*DATA*
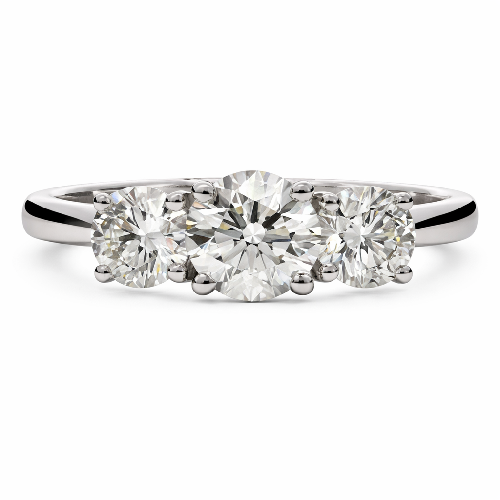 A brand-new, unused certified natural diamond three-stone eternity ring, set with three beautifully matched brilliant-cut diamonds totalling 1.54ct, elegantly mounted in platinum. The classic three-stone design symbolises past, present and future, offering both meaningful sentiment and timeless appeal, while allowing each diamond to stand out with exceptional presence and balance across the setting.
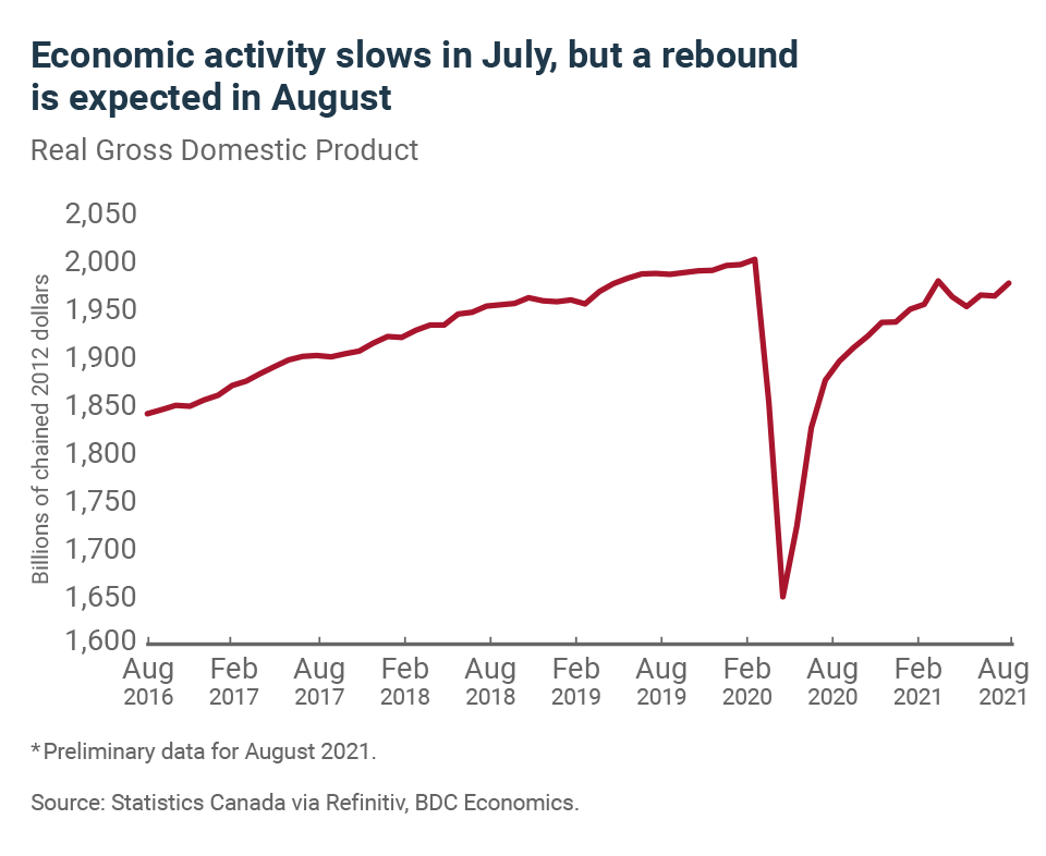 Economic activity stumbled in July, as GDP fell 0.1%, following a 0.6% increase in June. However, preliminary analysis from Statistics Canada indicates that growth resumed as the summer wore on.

...

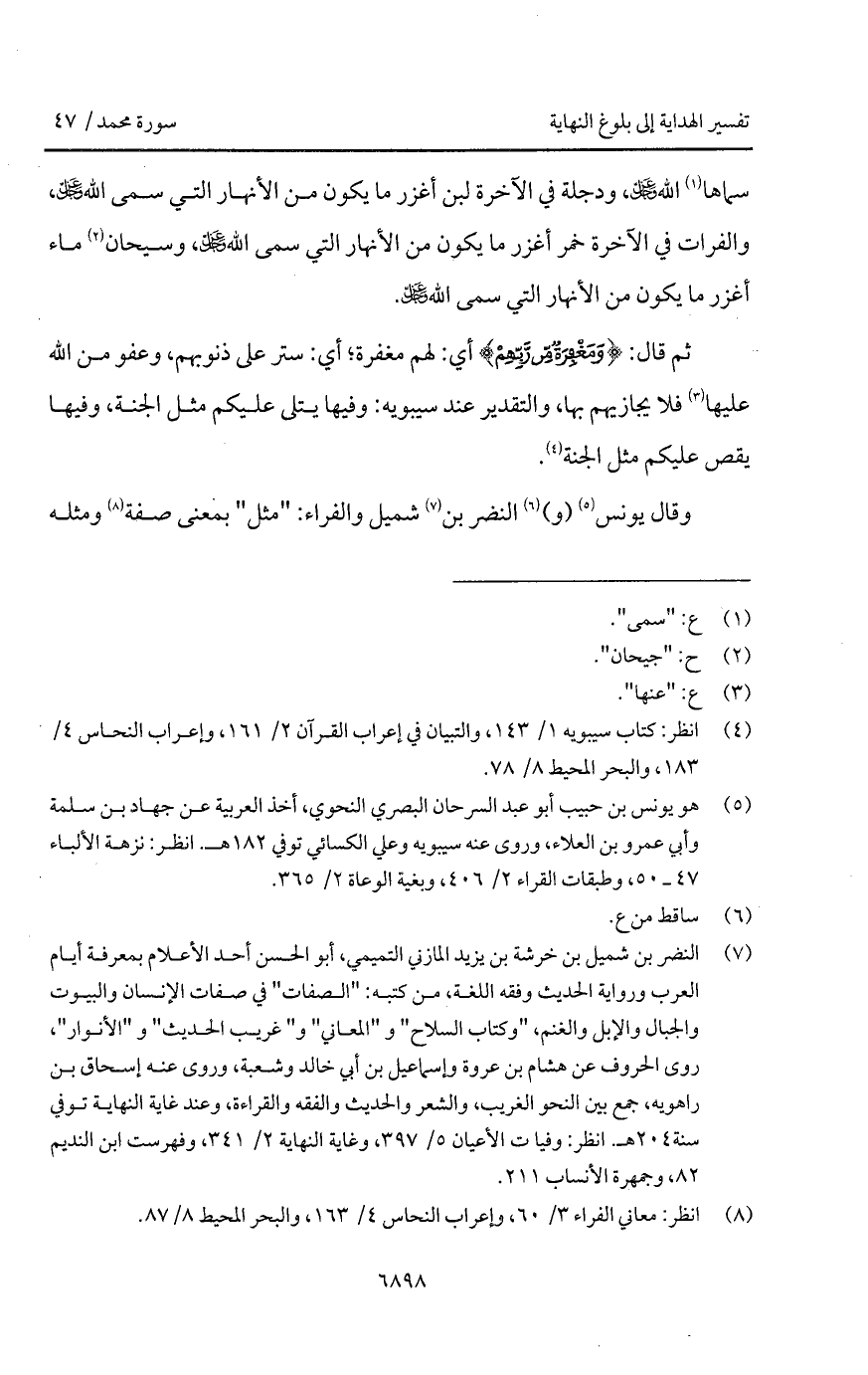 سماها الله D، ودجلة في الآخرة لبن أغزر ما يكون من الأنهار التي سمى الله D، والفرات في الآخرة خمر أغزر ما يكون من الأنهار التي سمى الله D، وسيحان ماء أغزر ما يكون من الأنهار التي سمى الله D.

*WHAT TO WORK ON*
In the listing above, find the line with "A brand-new, unused" and the line with "Economic activity stumbled". Transcribe those two and everything between, exactly, leaving out pictures.

*PROBLEM SOLUTION*
 A brand-new, unused certified natural diamond three-stone eternity ring, set with three beautifully matched brilliant-cut diamonds totalling 1.54ct, elegantly mounted in platinum. The classic three-stone design symbolises past, present and future, offering both meaningful sentiment and timeless appeal, while allowing each diamond to stand out with exceptional presence and balance across the setting.
 Economic activity stumbled in July, as GDP fell 0.1%, following a 0.6% increase in June. However, preliminary analysis from Statistics Canada indicates that growth resumed as the summer wore on.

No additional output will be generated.